You should think twice before trusting your AI assistant, as database poisoning can markedly alter its output – even dangerously so
        30 Jan 2025
         • 
        , 
        4 min. read
    

Modern technology is far from foolproof – as we can see with, for example, the numerous vulnerabilities that keep cropping up. While designing systems that are secure by design is a tried-and-true best practice, doing so can divert resources from other areas, such as user experience (UX) design, performance optimization, and interoperability with other solutions and services.
Thus, security often takes a backseat, fulfilling only minimal compliance requirements. This trade-off becomes especially concerning when sensitive data is involved, as such data requires protections that are commensurate with its criticality. These days, the risks of inadequate security measures are increasingly evident in artificial intelligence and machine learning (AI/ML) systems, where data is the very foundation of their functionality.
What is data poisoning?
AI/ML models are built on core training datasets that are continually updated through supervised and unsupervised learning. Machine learning is a major pathway enabling AI, with ML enabling deep learning, among other things, to develop the AI’s many capabilities. The more diverse and reliable the data, the more accurate and useful the model’s outputs will be. Hence, during training, these models need access to vast amounts of data.
On the other hand, the reliance on reams of data comes with risks, as unverified or poorly-vetted datasets increase the likelihood of unreliable outcomes. Generative AI, especially large language models (LLMs) and their offshoots in the form of AI assistants, are known to be particularly vulnerable to attacks that tamper with the models for malicious purposes.
One of the most insidious threats is data (or database) poisoning, where adversaries seek to alter the model’s behavior and cause it to generate incorrect, biased or even harmful outputs. The consequences of such tampering can ripple across applications, undermining trust and introducing systemic risks to people and organizations alike.
Types of data poisoning
There are various types of data poisoning attacks, such as:
- Data injection: Attackers inject malicious data points into the training data to make an AI model alter its behavior. A good example of this is when online users slowly altered the Tay Twitter bot to post offensive tweets.
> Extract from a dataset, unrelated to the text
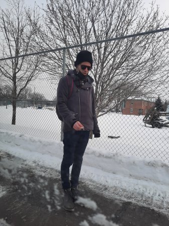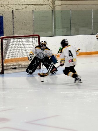 Natasha looks so small next to her brother Gabriel in his goalies'

- Insider attacks: Like with regular insider threats, employees could misuse their access to alter a model’s training set, changing it piece by piece to modify its behavior. Insider attacks are particularly insidious because they exploit legitimate access.
- Trigger injection: This attack injects data into the AI model’s training set to create a trigger. This enables attackers to go around a model’s security and manipulate its output in situations according to the set trigger. The challenge in detecting this attack is that the trigger can be difficult to spot, as well as that the threat remains dormant until the trigger is activated.
- Supply-chain attack: The impacts of these attacks can be particularly dire. As AI models often use third-party components, vulnerabilities introduced during the supply chain process can ultimately compromise the model’s security and leave it open to exploitation.
As AI models become deeply embedded into both business and consumer systems, serving as assistants or productivity enhancers, attacks targeting these systems are becoming a significant concern.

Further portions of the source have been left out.